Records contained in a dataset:
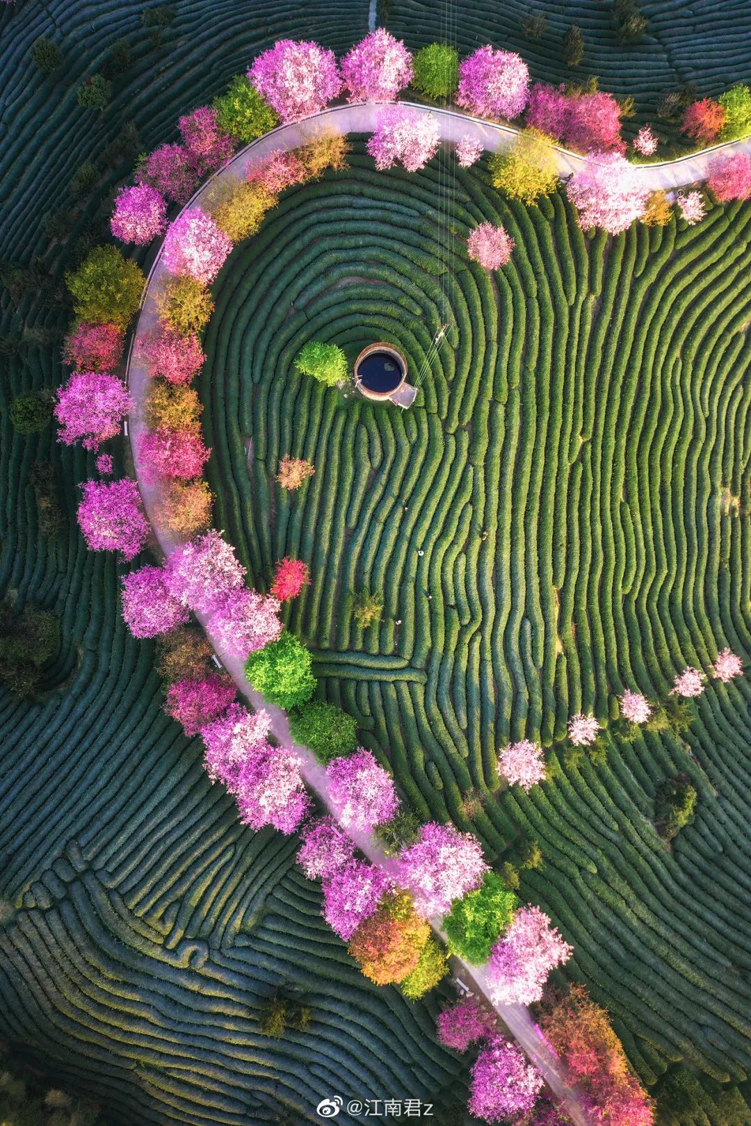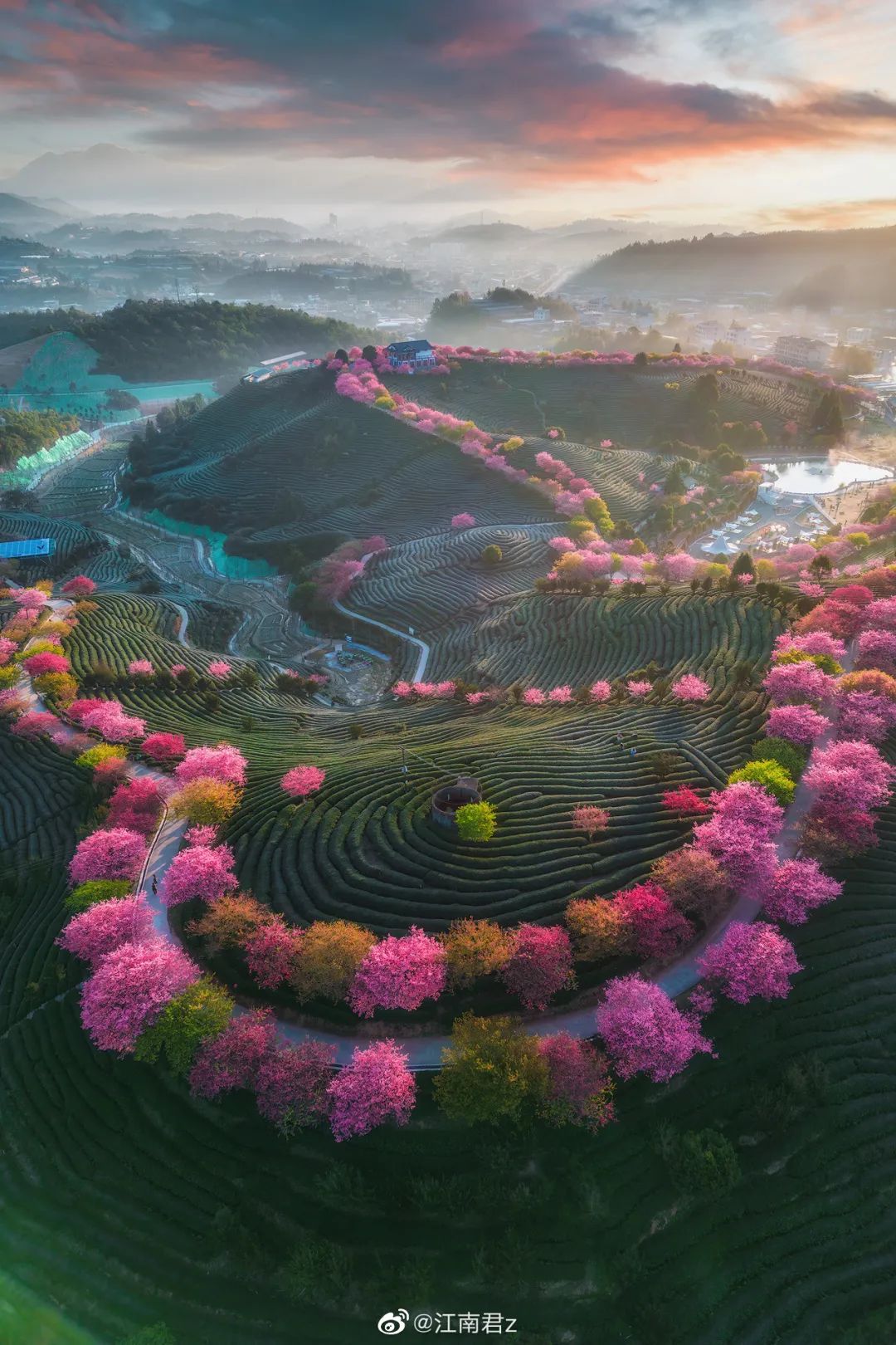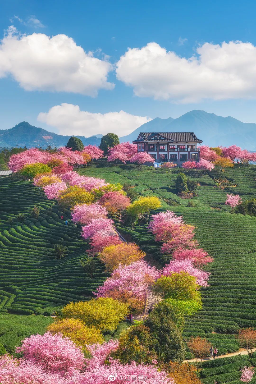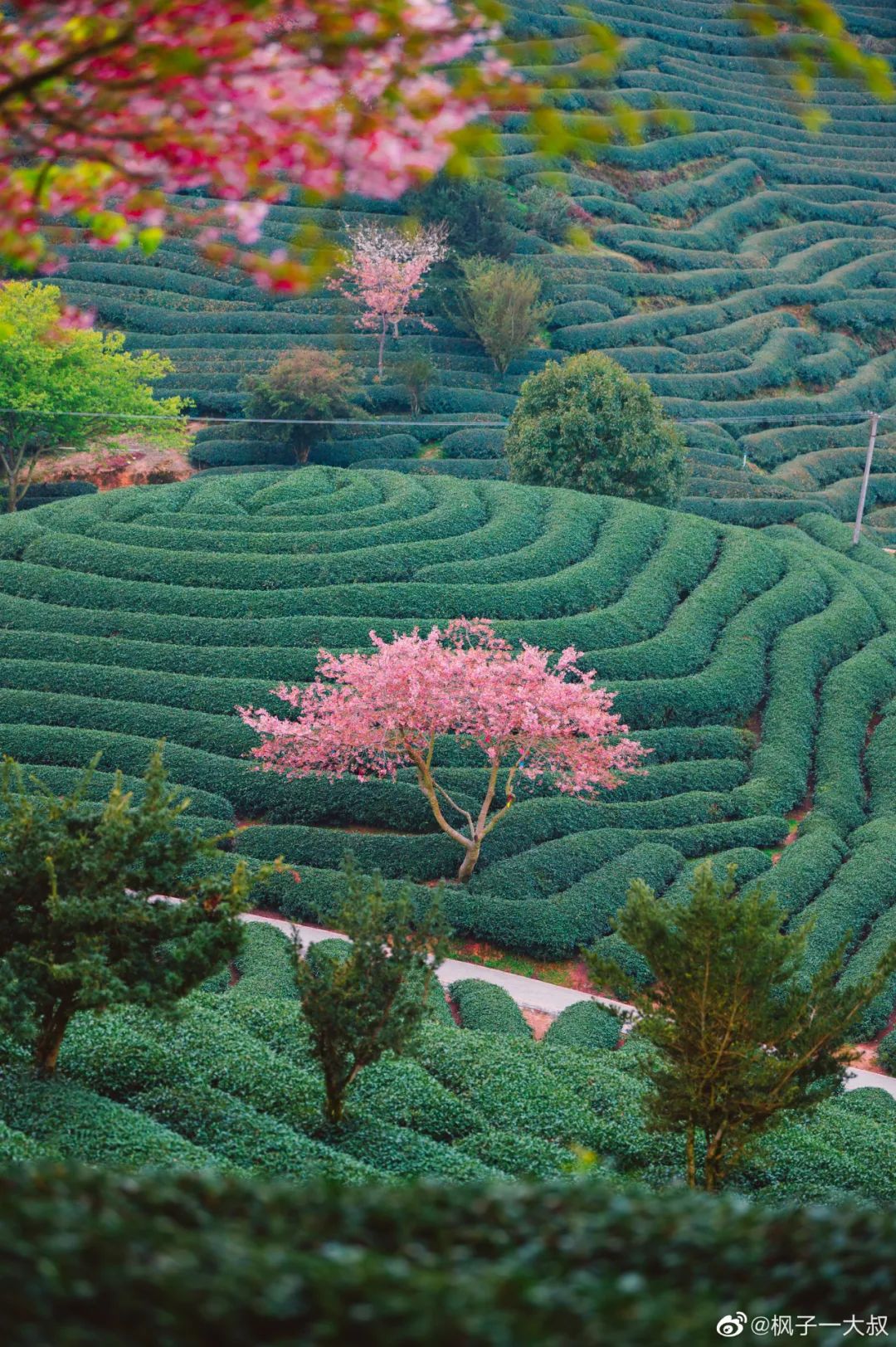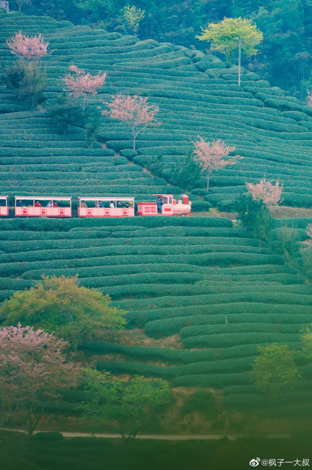 在每年1月下旬到3月中旬,5万亩的茶园内种植的10万株樱花,品种一个接着一个开放,茶绿樱红,真的超美耶!
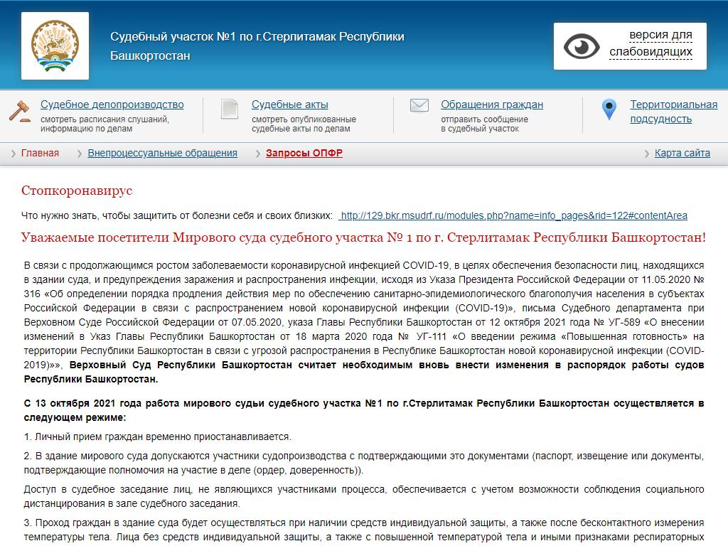 Мировые судьи г. Стерлитамака по адресу 453120, Башкортостан, Стерлитамак, Курчатова, 16 в дальнейшем Организация, размещена в следующих категориях:
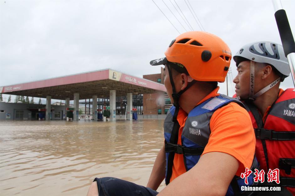 8月9日,浙江省温州市平阳县受“苏迪罗”影响,多地成“海景”。武警官兵、民间救援队积极展开救援“海”上救援。今年第13号台风“苏迪罗”虽不在温州登陆,但严重影响温州,局部地区降水量超过百年一遇标准,甚至超历史实测记录。 中新社发 张茵 摄
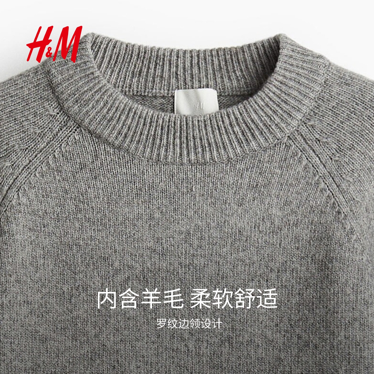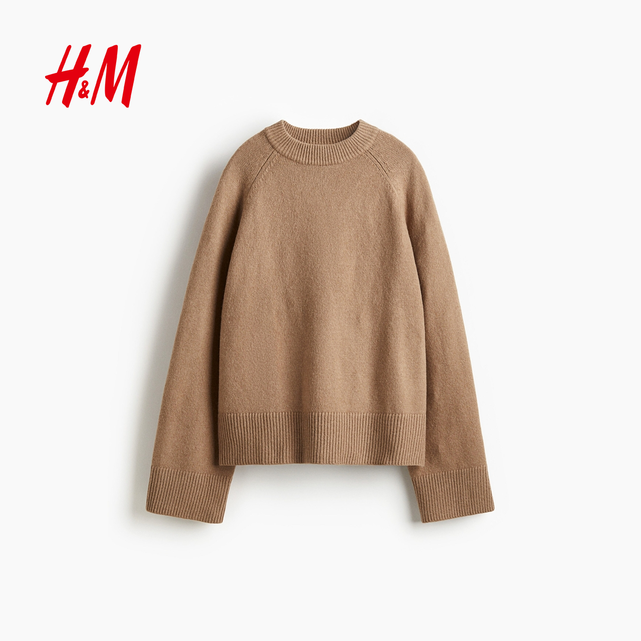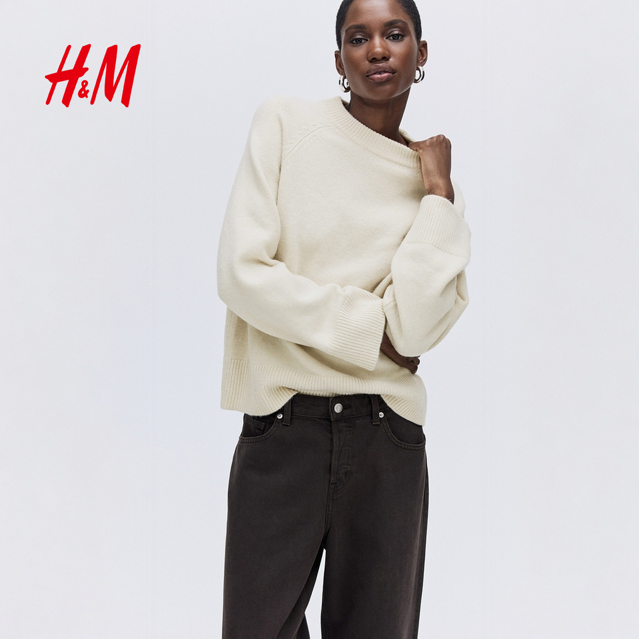 HM女装毛针织衫2025秋季新款宽松柔软圆领保暖休闲套衫1295267,江苏 苏州
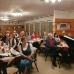 Nach einem Rückblick auf die Aktivitäten des vergangenen Jahres, gemeinsames Singen der traditionellen Weihnachtslieder, begleitet von den Steirer-Musikanten des Vereins, Monika und Felix Lämmel, zusammen mit Waltraud Lehman, an der Zither. Bevor es zum Buffet mit den Gänsekeulen ging, dann noch adventliche Musikbeiträge vom Hackbrett Consort Kleinmachnow, mit Irmgart Mann, Denise Pinta, Ines von Nolting und dem Vorsitzenden des Vereins. Ein Highlight des Abends war der Kleinmachnower Dreigesang, mit Irmgart Mann, Andrea Reinfeld, Johanna Einspanier und Waltraud Kruck. Für den Einsatz des Hüttenteams hinter der Theke, Patricia, Matthias, Detlef und Andreas ein herzliches „Vergelt’s Gott“. Es war eine gelungene bayerische Weihnachtsfeier in der Almhütte der Bayern in Berlin, zur Pflege der bayerischen Traditionen in der Bundeshauptstadt.
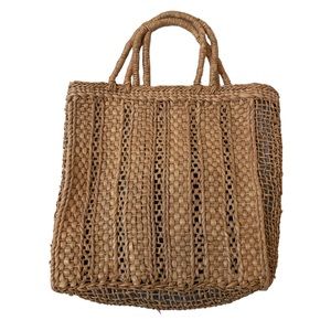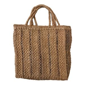 J. Crew Straw Tote Bag With Blue Lining
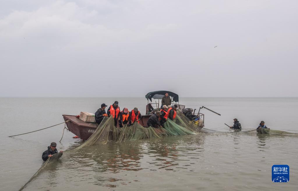 在吉林省松原市查干湖,渔民进行捕捞作业(2018年9月28日摄)。
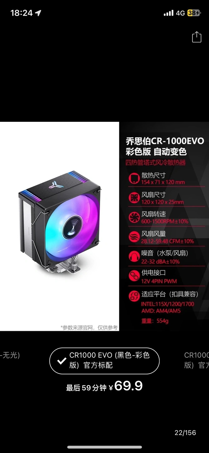 喬斯伯cr1000evo 70元 單塔單12cm風扇四銅管
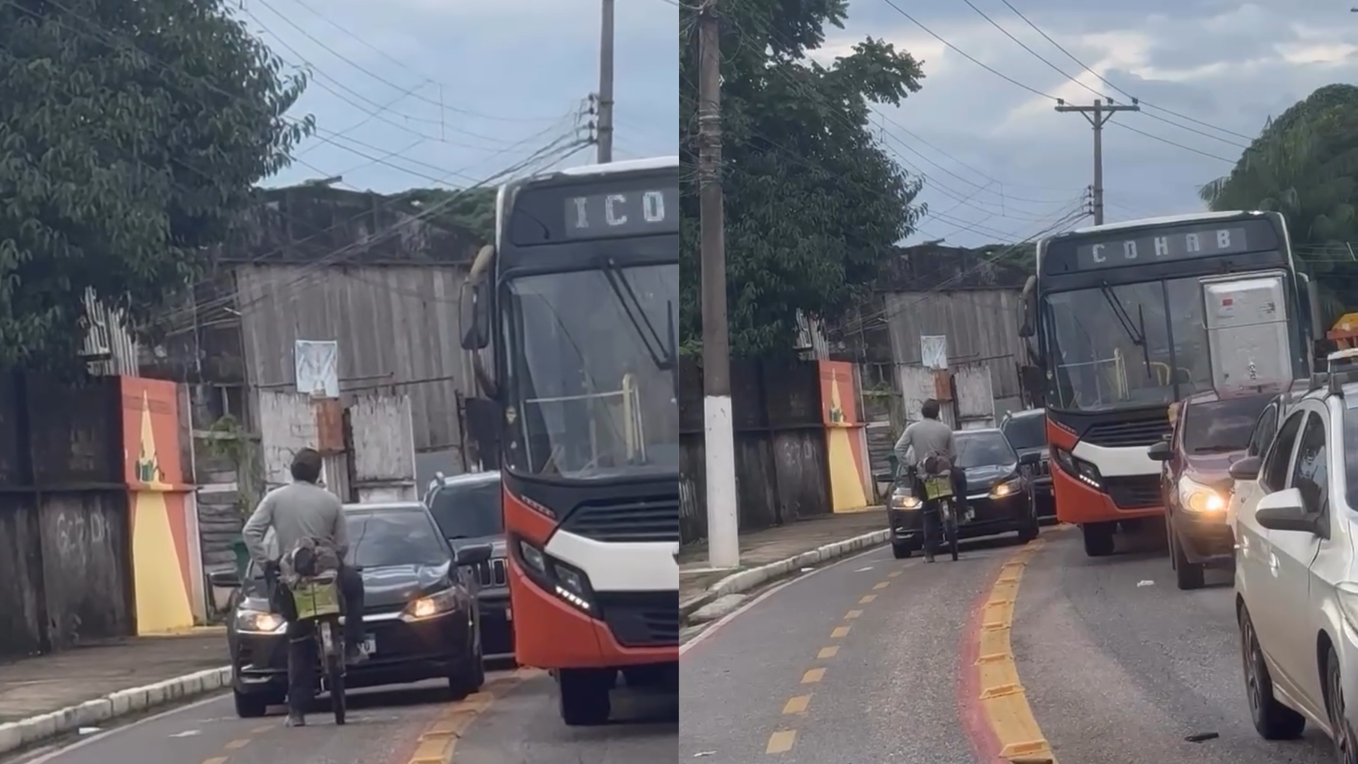 Um registro chamou a atenção nas redes sociais nesta segunda-feira (09), em que uma série de veículos aparece bloqueando a passagem de um ciclista em trecho na Rodovia Arthur Bernardes, em Belém.
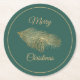 Festive Christmas party paper coasters done in a dark Kelly green with gold tone edging accent. Golden graphics of a pine cone on a pine branch, decorates the middle. Merry Christmas, in gold tone text, can be personalized to read what you want. Matching holiday party supplies and invitations are available.
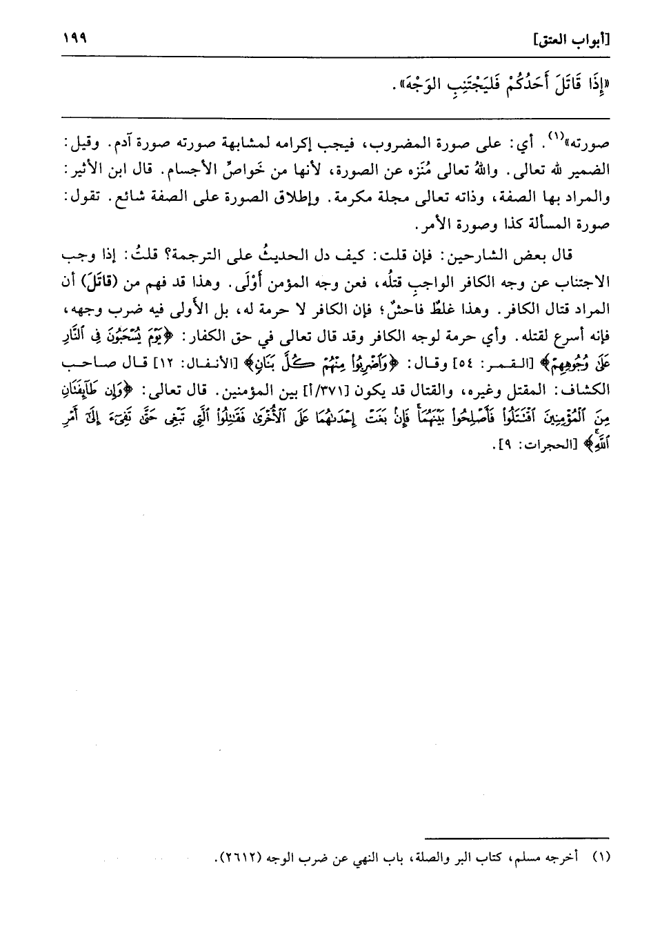 قال بعض الشارحين: فإن قلت: كيف دل الحديثُ على الترجمة؟ قلتُ: إذا وجب الاجتناب عن وجه الكافر الواجبِ قتلُه، فعن وجه المؤمن أَوْلَى. وهذا قد فهم من (قاتَلَ) أن المراد قتال الكافر. وهذا غلطٌ فاحشٌ؛ فإن الكافر لا حرمة له، بل الأولى فيه ضرب وجهه، فإنه أسرع لقتله. وأي حرمة لوجه الكافر وقد قال تعالى في حق الكفار: {يَوْمَ يُسْحَبُونَ فِي النَّارِ عَلَى وُجُوهِهِمْ} [القمر: 48] وقال: {وَاضْرِبُوا مِنْهُمْ كُلَّ بَنَانٍ} [الأنفال: 12] قال صاحب الكشاف: المقتل وغيره، والقتال قد يكون بين المؤمنين. قال تعالى: {وَإِنْ طَائِفَتَانِ مِنَ الْمُؤْمِنِينَ اقْتَتَلُوا فَأَصْلِحُوا بَيْنَهُمَا فَإِنْ بَغَتْ إِحْدَاهُمَا عَلَى الْأُخْرَى فَقَاتِلُوا الَّتِي تَبْغِي حَتَّى تَفِيءَ إِلَى أَمْرِ اللَّهِ} [الحجرات: 9].
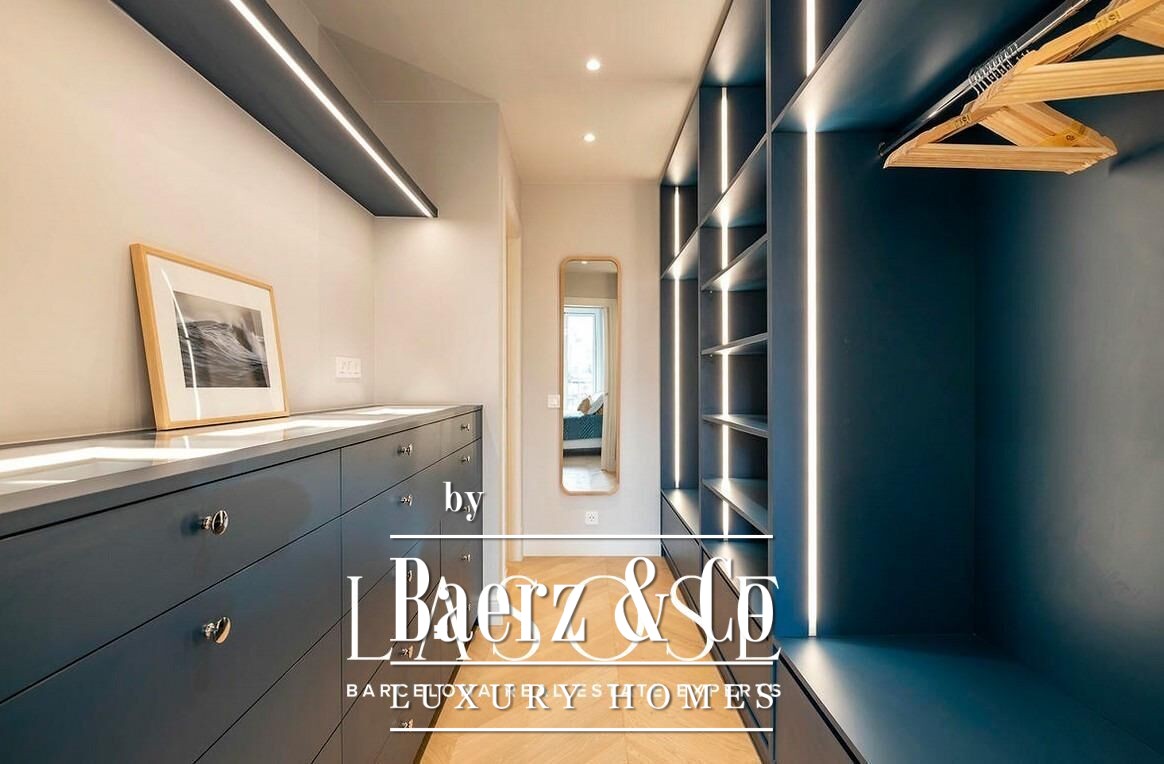 On the lower floor, three bedrooms are framed by access to an 18 m² balcony, allowing generous natural light to permeate the night area. The master suite features a walk-in closet and an en-suite bathroom, while two further bedrooms share a contemporary bath. Both floors benefit from independent entrances, complementing the discreet, flexible design.
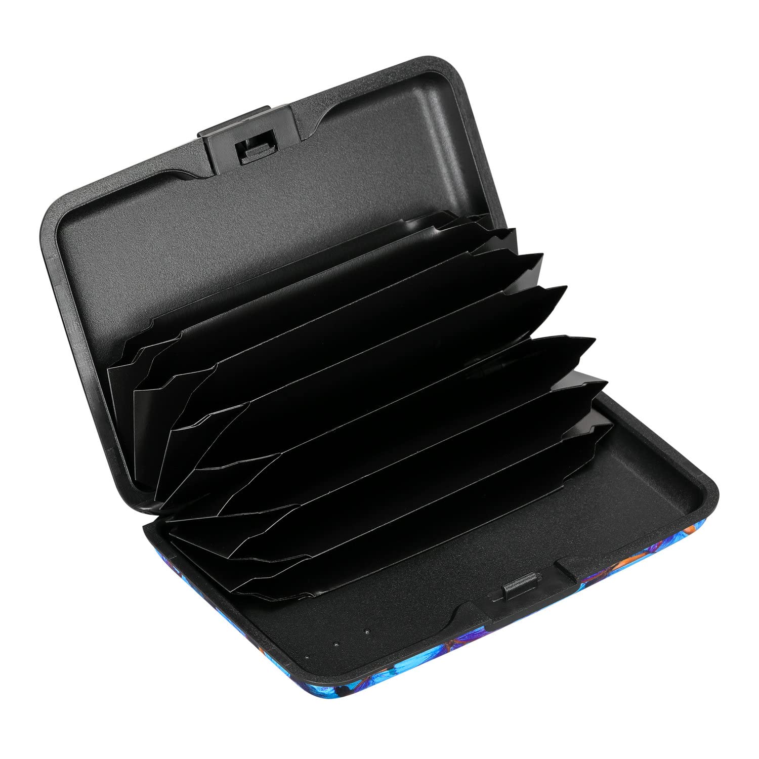 • This credit card holder is made of aluminum shells, ABS plastic frame and clasp closure, RFID-blocking will protect your card data from RFID scanners and readers.

## WHAT IS EXPECTED
Could you copy, exactly and with no pictures, each line from the first one above to the line holding "Nach einem Rückblick"?

## YOUR RESPONSE
 在每年1月下旬到3月中旬,5万亩的茶园内种植的10万株樱花,品种一个接着一个开放,茶绿樱红,真的超美耶!
 Мировые судьи г. Стерлитамака по адресу 453120, Башкортостан, Стерлитамак, Курчатова, 16 в дальнейшем Организация, размещена в следующих категориях:
 8月9日,浙江省温州市平阳县受“苏迪罗”影响,多地成“海景”。武警官兵、民间救援队积极展开救援“海”上救援。今年第13号台风“苏迪罗”虽不在温州登陆,但严重影响温州,局部地区降水量超过百年一遇标准,甚至超历史实测记录。 中新社发 张茵 摄
 HM女装毛针织衫2025秋季新款宽松柔软圆领保暖休闲套衫1295267,江苏 苏州
 Nach einem Rückblick auf die Aktivitäten des vergangenen Jahres, gemeinsames Singen der traditionellen Weihnachtslieder, begleitet von den Steirer-Musikanten des Vereins, Monika und Felix Lämmel, zusammen mit Waltraud Lehman, an der Zither. Bevor es zum Buffet mit den Gänsekeulen ging, dann noch adventliche Musikbeiträge vom Hackbrett Consort Kleinmachnow, mit Irmgart Mann, Denise Pinta, Ines von Nolting und dem Vorsitzenden des Vereins. Ein Highlight des Abends war der Kleinmachnower Dreigesang, mit Irmgart Mann, Andrea Reinfeld, Johanna Einspanier und Waltraud Kruck. Für den Einsatz des Hüttenteams hinter der Theke, Patricia, Matthias, Detlef und Andreas ein herzliches „Vergelt’s Gott“. Es war eine gelungene bayerische Weihnachtsfeier in der Almhütte der Bayern in Berlin, zur Pflege der bayerischen Traditionen in der Bundeshauptstadt.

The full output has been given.